Tätigkeitsprofile der Apothekenleiter |
30.08.1999 00:00 Uhr |
Wirtschaft & Handel
ARBEITSAUFTEILUNG IN DER
APOTHEKE
Welche Tätigkeiten übernehmen einzelne Personen in der Apotheke? Wieviel Zeit verbringen sie mit diesen Aufgaben und welche Kosten ergeben sich daraus für die einzelnen Bereiche? Dies sind Fragestellungen, mit denen sich eine Untersuchung der Treuhand Hannover in ihrem Mandantenkreis befasst hat.
An der Erhebung haben sich über 1100 pharmazeutische Mitarbeiter (inklusive Inhaber) und Helferinnen/PKA beteiligt. Wie sieht beispielsweise das Tätigkeitsprofil des deutschen Apothekenleiters aus? Welche Schlüsse können daraus gezogen werden? Darum geht es in dieser ersten Folge einer neuen Praxis bezogenen Beitragsreihe. In einer weiteren Veröffentlichung geht es dann um die Tätigkeitsprofile von Apothekenmitarbeiterinnen und -mitarbeitern.

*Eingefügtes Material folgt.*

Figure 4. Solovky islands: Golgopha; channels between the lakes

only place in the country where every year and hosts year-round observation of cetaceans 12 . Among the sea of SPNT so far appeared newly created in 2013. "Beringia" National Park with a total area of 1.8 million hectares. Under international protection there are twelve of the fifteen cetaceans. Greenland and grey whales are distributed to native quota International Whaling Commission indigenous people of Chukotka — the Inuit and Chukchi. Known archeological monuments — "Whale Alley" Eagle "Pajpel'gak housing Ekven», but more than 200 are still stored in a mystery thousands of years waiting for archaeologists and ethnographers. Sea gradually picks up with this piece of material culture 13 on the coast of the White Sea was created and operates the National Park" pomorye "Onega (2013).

Die Apothekenleiter machten der Treuhand gegenüber Angaben bezüglich des Umfangs einschließlich der Verteilung ihrer Arbeitszeit in den verschiedenen Aufgabenbereichen. Anhand der Daten konnten detaillierte statistische Auswertungen zur Zeitverteilung in der Apotheke vorgenommen werden. Um einen Überblick über die gesamte Arbeitszeitverteilung und -organisation zu gewinnen, ist die Zeiterfassung über eine strukturierte Selbsteinschätzung der Beteiligten mittels eines Fragebogens ein bewährtes Instrument. Die erhobenen Zeitdaten aus den Apotheken wurden zusammen mit den Kostendaten der Mitarbeiter, auf die wir in einem späteren Artikel eingehen werden, ausgewertet.

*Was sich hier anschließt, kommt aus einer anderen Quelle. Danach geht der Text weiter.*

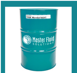
54-gallon drum SKU: MS692XT-54G UPC-12: 641238080114

Durch die Zeiterfassung können zum Beispiel folgende Fragen beantwortet werden: Wie sieht die durchschnittliche Verteilung der Arbeitszeit insgesamt und unterteilt nach Berufsgruppen (Chef, angestellte Approbierte, PTA) aus? - In welchen Bereichen der Apotheke liegen die zeitlichen Schwerpunkte und welche Tätigkeiten spielen (unter zeitlichem Aspekt) eine eher untergeordnete Rolle? - Wo entstehen die Kosten und wie hoch sind sie?
Tabelle 1 führt die wichtigen Kennziffern der teilnehmenden Apotheken auf. Die Kopfzahl gibt die Zahl der Beschäftigten ungeachtet ihrer Wochenarbeitszeit wieder. Bei den Stellen wurden die Mitarbeiter auf Vollzeitstellen umgerechnet. Die Differenz zwischen Mitarbeiteranzahl nach Köpfen und nach Vollzeitstellen gibt einen Anhaltspunkt für den Grad des Einsatzes von Teilzeitarbeit.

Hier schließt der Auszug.